Conclusions In consecutive patients undergoing percutaneous LM intervention, PES may perform closely to SES both in terms of angiographic and long-term clinical outcome.
Routine drug-eluting stent (DES) implantation, by reducing the need for target vessel revascularization (TVR) and angiographic restenosis, has been recently proposed as the preferred strategy in poor surgical candidates undergoing percutaneous left main coronary artery (LM) intervention (1–3).
The longest average follow-up available for this treatment is currently one year, and whether sirolimus-eluting stent (SES) or paclitaxel-eluting stent (PES) is performing better in these patients is unknown (1–3).
Similarly, even for more conventional lesions, the differential safety and efficacy profile of these two DES options is largely debated (4–8). When taken together, current evidence possibly suggests that in more complex lesion/patient subsets, SES performs better and more safely than PES (4–7,9).
The percutaneous management of LM lesions is a challenging intervention, where bifurcated vessels, extensive wall calcification, and poor hemodynamic tolerance often coexist during treatment.

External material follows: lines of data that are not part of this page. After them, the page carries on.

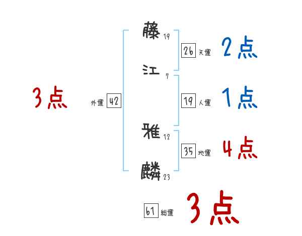 外運![]() | 藤江雅麟さんの外運は42画の3つ星!病気に注意。多芸であるが消極的でおとなしい。 生活面を象徴する運勢です。外部から受ける影響力を表し、結婚運、家庭運や職場、環境への順応性を表します。 |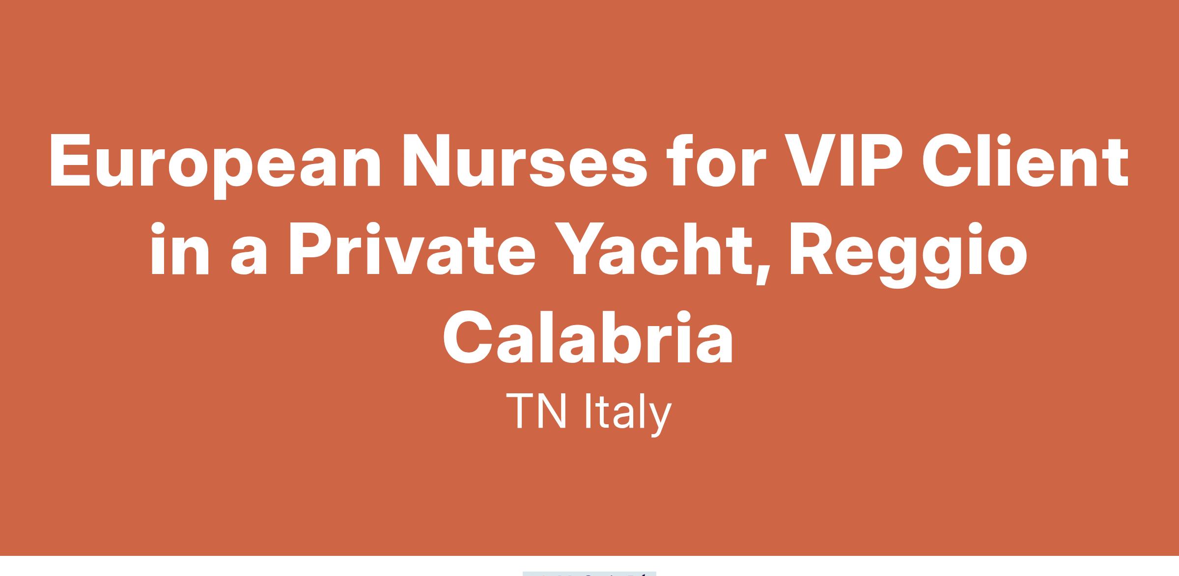 We are seeking European Nurses to provide premium healthcare for a VIP client traveling internationally aboard a luxury private yacht.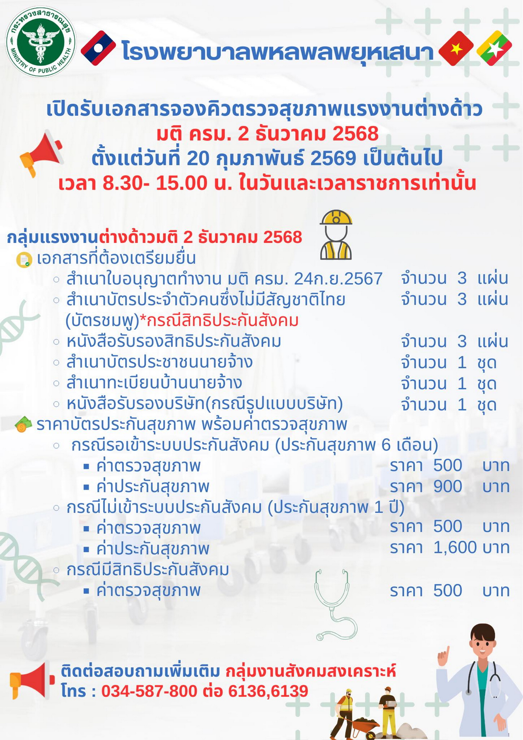 ล่าสุด โรงพยาบาลพหลพลพยุหเสนา จ.กาญจนบุรี ได้ประชาสัมพันธ์ผ่านเพจโรงพยาบาลฯ ว่า โรงพยาบาลฯเปิดรับเอกสาร จองคิวตรวจสุขภาพแรงงานต่างด้าวตามมติคณะรัฐมนตรี วันที่ 2 ธันวาคม 2568 ตั้งแต่วันนี้ ถึงวันที่ 31 มีนาคม 2569 เวลา 08.30-15.00 น. เฉพาะวันและเวลาราชการ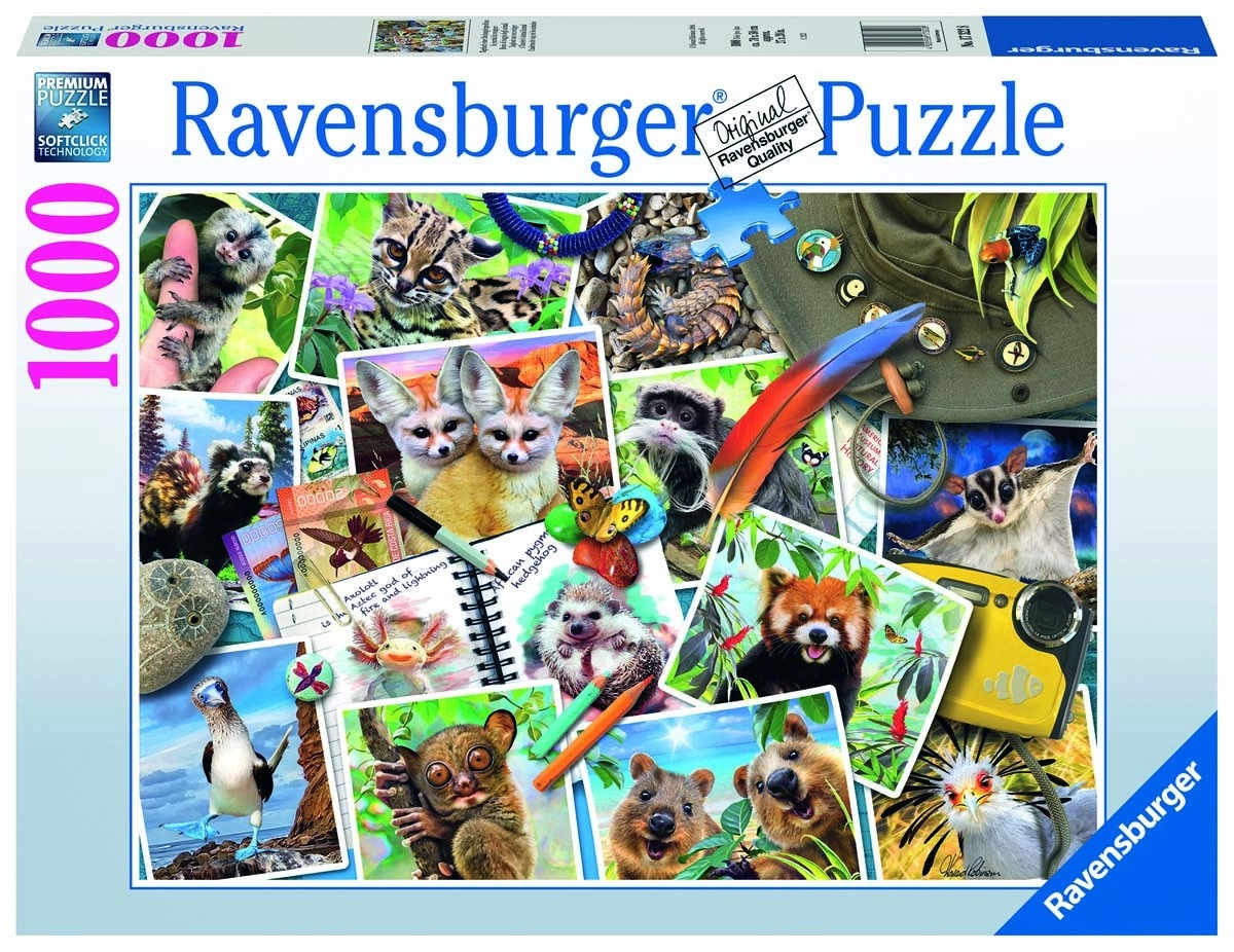 Odkryj wysokiej jakości puzzle RAVENSBURGER z motywem „Zwierzęta w podróży” składające się z 1000 elementów. Po ułożeniu mają wymiary 70 × 50 cm i są idealne dla młodzieży oraz dorosłych. Dzięki opatentowanej technologii SoftClick, antyrefleksyjnej lnianej strukturze papieru oraz wytrzymałemu, grubemu kartonowi elementy łączą się precyzyjnie, łatwo się układają, a obraz jest pięknie ostry bez odblasków.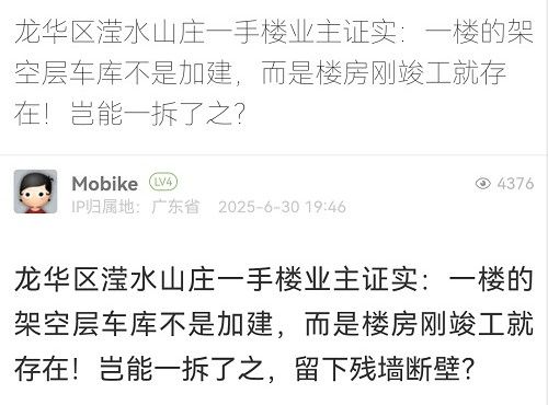 14. 帖文《龍華區(qū)瀅水山莊一手樓業(yè)主證實(shí):一樓的架空層車庫不是加建,而是樓房剛竣工就存在!豈能一拆了之?》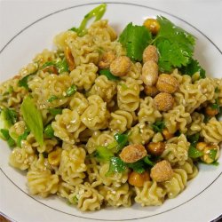 2Mix spaghetti, sesame oil, honey, soy sauce, corn oil, red pepper flakes, and salt together in a large bowl until spaghetti is evenly coated. Cover bowl with plastic wrap and refrigerate for at least 4 hours. Add cilantro, green onions, peanuts, and sesame seeds; toss to combine.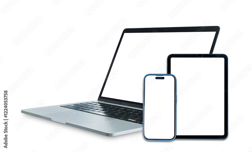 The watermark will not be included on Canvas Print.: Set of smart devices smartphone, tablet and laptop with blank screen isolated on transparent backgro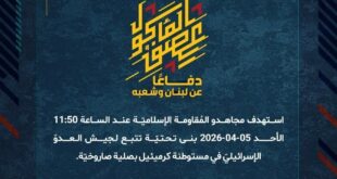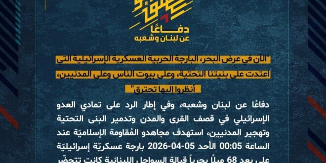 دفاعًا عن لبنان وشعبه، وفي إطار الرد على تمادي العدو الإسرائيلي في قصف القرى والمدن وتدمير البنى التحتية وتهجير المدنيين، استهدف مجاهدو المُقاومة الإسلاميّة عند الساعة 00:05 الأحد 05-04-2026 بارجة عسكريّة إسرائيليّة على بعد 68 ميلاً بحرياً قبالة السواحل اللبنانية كانت تتحضّر لتنفيذ اعتداءاتها على الأراضي اللبنانيّة؛ وتمت عملية الإستهداف بصاروخ كروز بحريّ بعد رصد الهدف لساعات، وتأكّدت إصابته بشكل مباشر.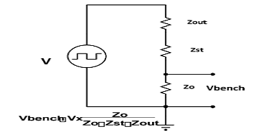 分壓器由驅(qū)動(dòng)器輸出阻抗和上部的串聯(lián)端接以及下部的傳輸線阻抗組成。正確選擇串聯(lián)終端后,Zout和Zst的組合將與Zo相同。在此示例中,兩者均為50歐姆。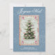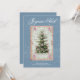 En vintage julgransetikett konstnärlig illustration överlagd på en akvarell vinter snöscen bakgrund i djupt mjukt blått och vitt. Snöscen på baksidan också. Ett säsongskort med en mjuk lugn naturscen för en mysig hemtrevlig stämning.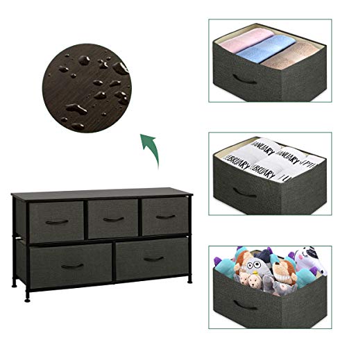 WLIVE Dresser with 5 Drawers, Fabric Storage Tower, Organizer Unit for Bedroom, Hallway, Entryway, Closets, Sturdy Steel Frame, Wood Top, Easy Pull Handle 69741539bb22e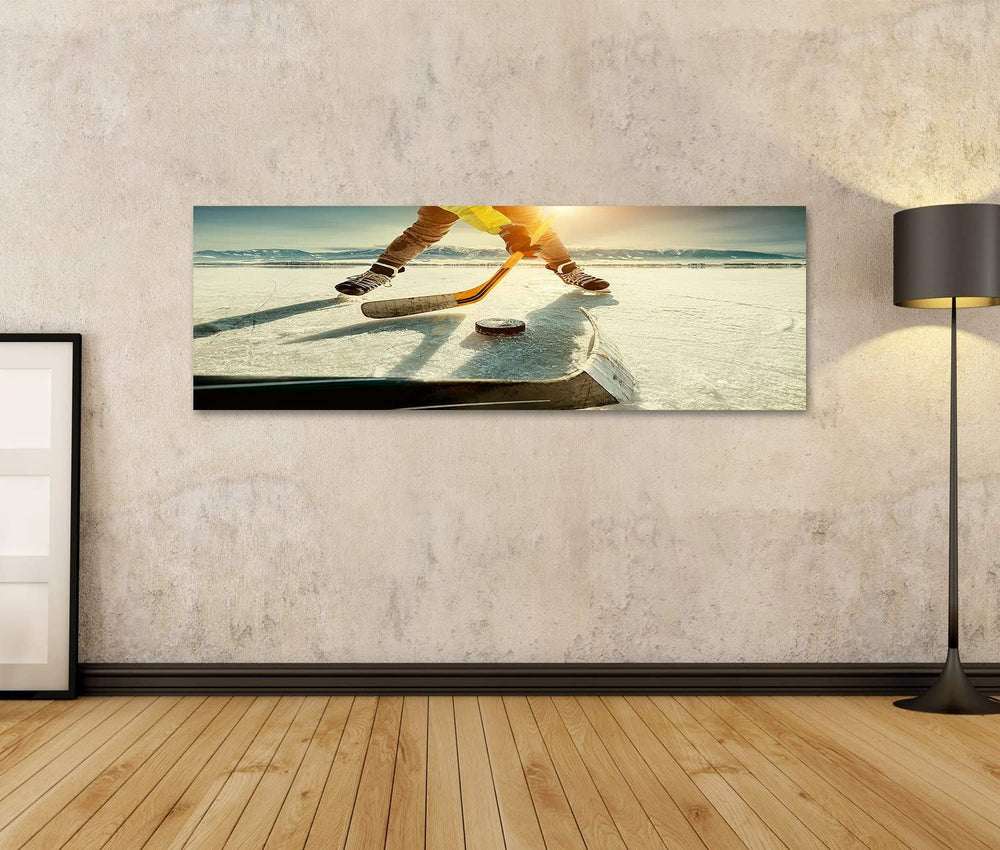 islandburner Bild auf Leinwand Eishockey Spiel Moment Gefrorener See Bilder Wandbilder Poster Leinwa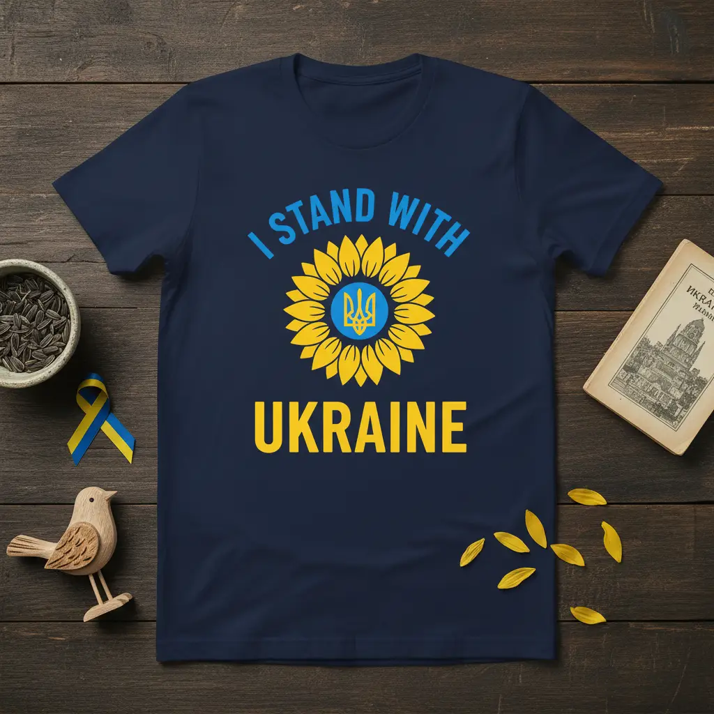 I Stand With Ukraine with this powerful and meaningful t-shirt, designed to show solidarity and support for the people of Ukraine. The striking graphic features a vibrant sunflower, a symbol of peace and resilience, centered with the Ukrainian trident. This tee is more than just apparel; it’s a statement of unity, a visual representation of hope, and a way to connect with a global community standing together. Wear it proudly to raise awareness and express your unwavering backing for Ukraine during these challenging times.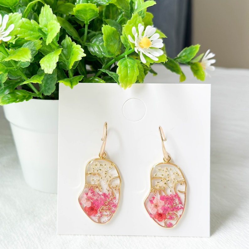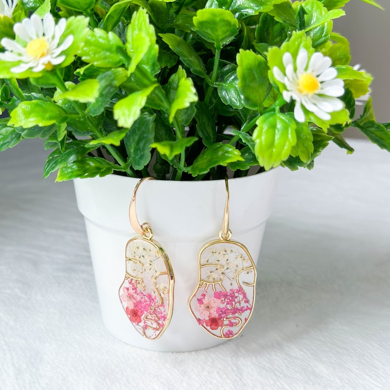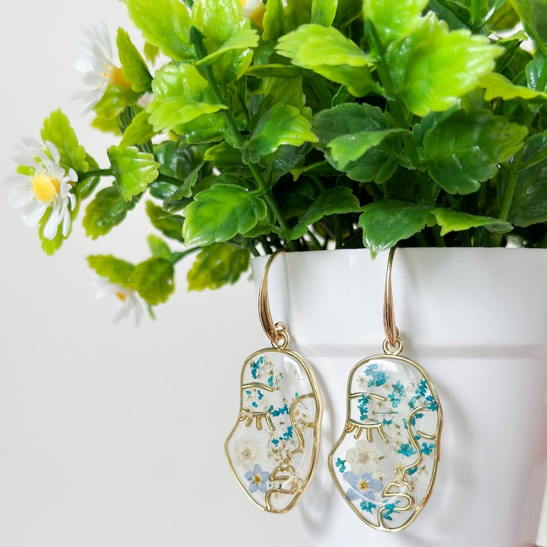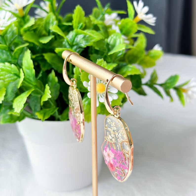 Material: Metal Plated and real pressed flower Size: 40*23 mm / 1.57*0.9 in 1 piece pendant, not including earhook or chain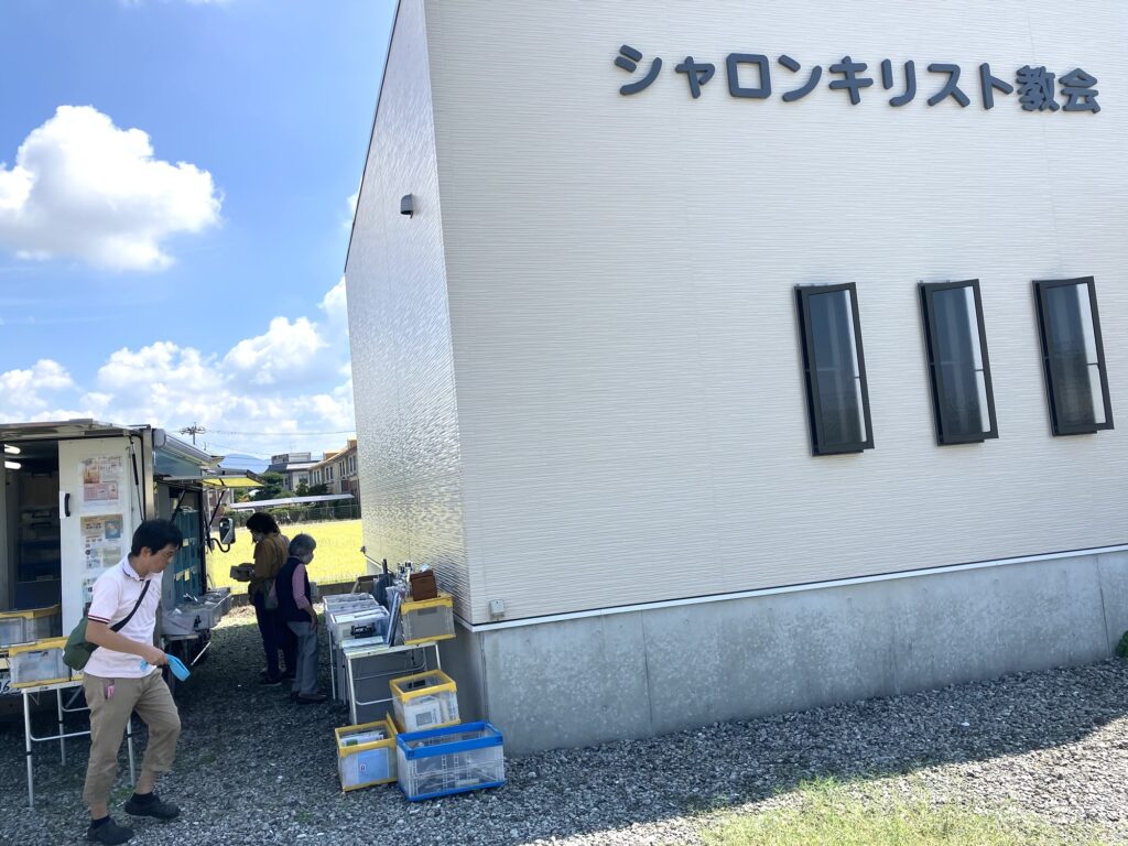 今朝は熊本県八代市で宣教に取り組まれておられる、シャロンキリスト教会へお伺いしました。朝から暑い中でしたが先生がゴスペルボックスを会堂脇の日陰へ誘導して下さり、お買い物をすることが出来ました。八代市は先月、水害と土砂崩れでニュースにもなりましたが、教会玄関が少し高い土台にあり、被害は免れたそうです。教会前に広がる家々は、残念ながら床上浸水だったそうです。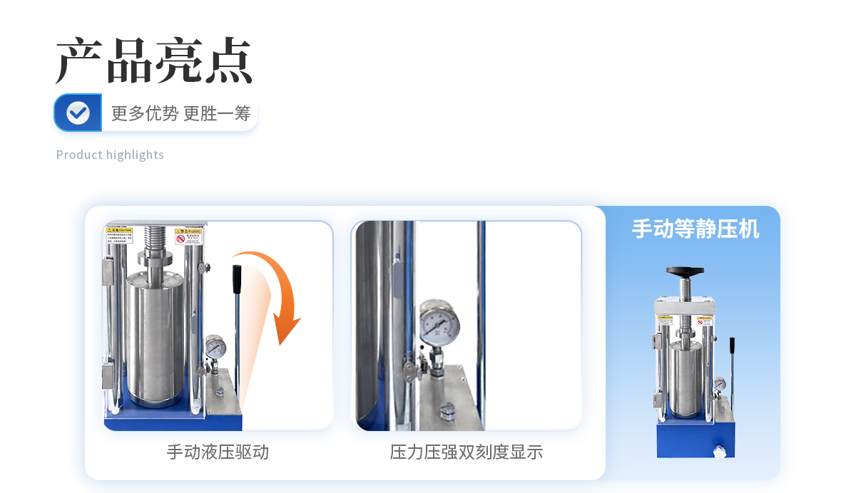 該機采用手動液壓驅動,是等靜壓系列中的入門機型,因其經(jīng)濟性,每次制樣取樣均需要搬動等靜壓腔體,適合制樣少,對工作效率要求不高,有力氣且安全意識較高的男士操作使用。

The purpose of the present study was to investigate, in a high-risk subset of patients undergoing revascularization in a tertiary referral center, the differential long-term impact of SES compared with PES in terms of clinical and angiographic outcome. Intravascular ultrasound analysis has also been carried out at follow-up to quantity neointimal hyperplasia volume.
Study design and patient population
Since April 16, 2002, SES (Cypher; Johnson & Johnson-Cordis, Warren, New Jersey) has been used as a default strategy for every PCI at our institution as part of the Rapamycin-Eluting Stent Evaluated at Rotterdam Cardiology Hospital (RESEARCH) registry. From the first quarter of 2003, PES (Taxus; Boston Scientific Corp., Natick, Massachusetts) became commercially available, replacing SES as the strategy of choice in every PCI, as part of the Taxus-Stent Evaluated at Rotterdam Cardiology Hospital (T-SEARCH) registry. As a policy, all elective patients presenting with significant (>50% by visual estimation) LM disease, referred to our institution for coronary revascularization, are evaluated both by interventional cardiologists and by cardiac surgeons, and the decision to opt for PCI or surgery is reached by consensus as previously described (1).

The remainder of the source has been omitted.